═══ Supplied information ═══

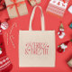 Classic and vintage Christmas theme tote bag design featuring typography text that says "merry and bright" with stars.
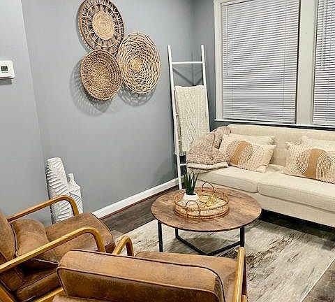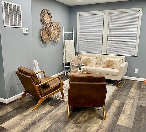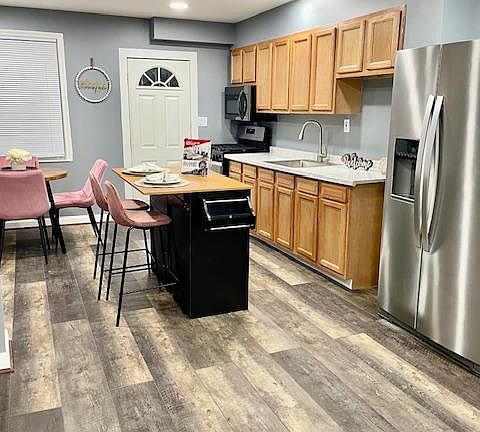 Welcome to this lovely 3-bedroom, 2-bathroom townhouse, thoughtfully renovated for comfortable living. Throughout the home, you'll find new appliances, a recently installed HVAC system, and a new water heater, ensuring practicality and efficiency. The main floor and basement feature new flooring, adding a touch of modernity to the space. Upstairs, hardwood floors offer timeless charm and durability. The basement includes an additional bedroom and full bathroom, accessible through its own entrance and connecting seamlessly to the upper levels, providing flexibility for various needs. Step outside to the back deck, perfect for enjoying the outdoors. With parking space for two cars in the rear driveway, convenience is a plus. Situated just 12 minutes from John Hopkins, this home offers a balance of accessibility and suburban comfort. Come see for yourself!
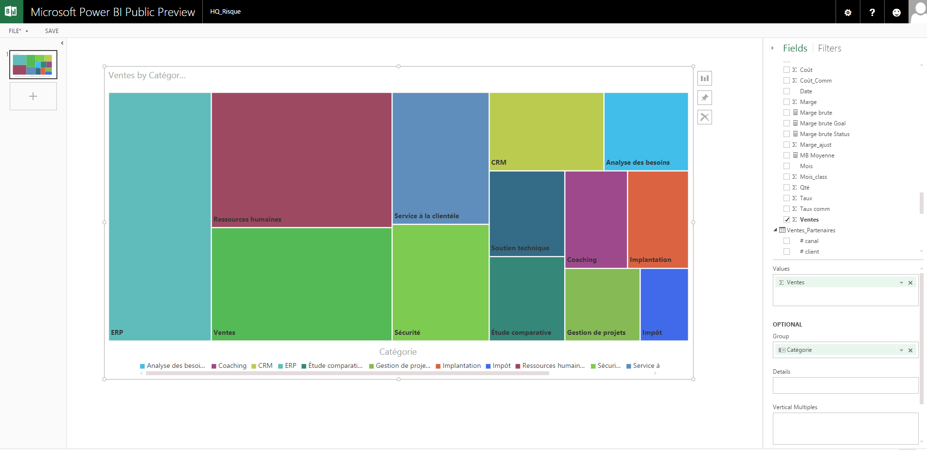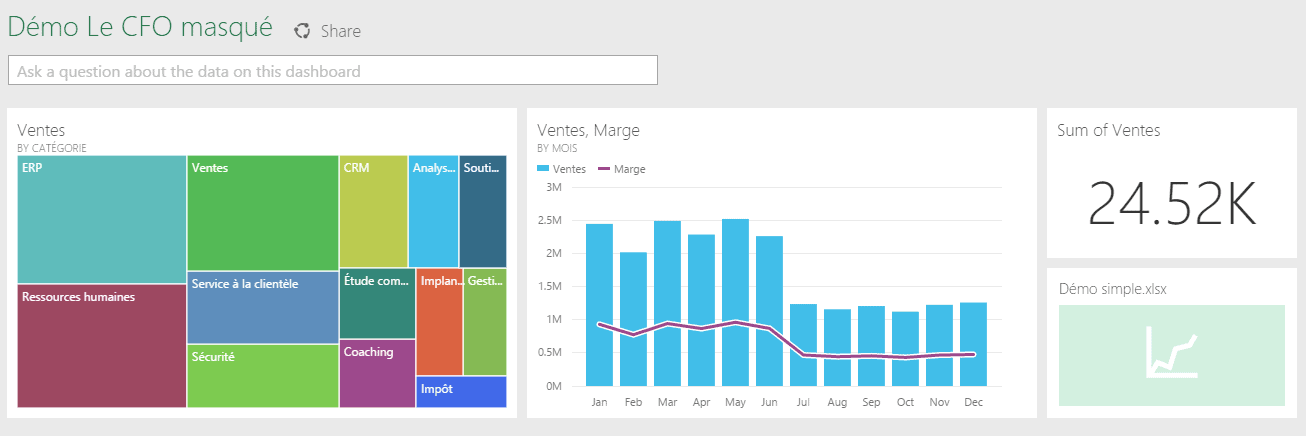 Par exemple, ici, j’utilise le moteur de recherche pour forer dans mes données. Je commence par écrire “Ventes” et l’outil me propose déjà des choix. À noter que les questions doivent être formulées en anglais mais en utilisant les termes du modèle de données sous-jacent (comme dans ce cas-ci, le mot “Ventes”), à moins d’avoir attribuer une taxonomie anglophone à votre modèle de données à travers Power Pivot (nous y reviendrons dans un autre article également).
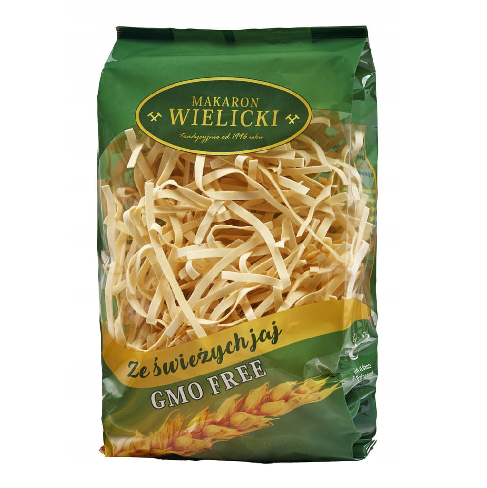 Makaron wstążka Makaron Wielicki to marka dla której najważniejszymi wartościami są jakość, tradycja i rodzina. Dlatego receptura naszego makaronu przekazywana jest z pokolenia na pokolenie. Makaron Wielicki produkowany jest z najlepszych gatunków mąki, świeżych jaj i bez dodatku substancji wzbogacających. Nasze produkty to najwyższej jakości składniki oraz odpowiedni proces produkcji.

═══

From the first line to the last, write out the data exactly, dropping any pictures.

 Classic and vintage Christmas theme tote bag design featuring typography text that says "merry and bright" with stars.
 Welcome to this lovely 3-bedroom, 2-bathroom townhouse, thoughtfully renovated for comfortable living. Throughout the home, you'll find new appliances, a recently installed HVAC system, and a new water heater, ensuring practicality and efficiency. The main floor and basement feature new flooring, adding a touch of modernity to the space. Upstairs, hardwood floors offer timeless charm and durability. The basement includes an additional bedroom and full bathroom, accessible through its own entrance and connecting seamlessly to the upper levels, providing flexibility for various needs. Step outside to the back deck, perfect for enjoying the outdoors. With parking space for two cars in the rear driveway, convenience is a plus. Situated just 12 minutes from John Hopkins, this home offers a balance of accessibility and suburban comfort. Come see for yourself!
 Par exemple, ici, j’utilise le moteur de recherche pour forer dans mes données. Je commence par écrire “Ventes” et l’outil me propose déjà des choix. À noter que les questions doivent être formulées en anglais mais en utilisant les termes du modèle de données sous-jacent (comme dans ce cas-ci, le mot “Ventes”), à moins d’avoir attribuer une taxonomie anglophone à votre modèle de données à travers Power Pivot (nous y reviendrons dans un autre article également).
 Makaron wstążka Makaron Wielicki to marka dla której najważniejszymi wartościami są jakość, tradycja i rodzina. Dlatego receptura naszego makaronu przekazywana jest z pokolenia na pokolenie. Makaron Wielicki produkowany jest z najlepszych gatunków mąki, świeżych jaj i bez dodatku substancji wzbogacających. Nasze produkty to najwyższej jakości składniki oraz odpowiedni proces produkcji.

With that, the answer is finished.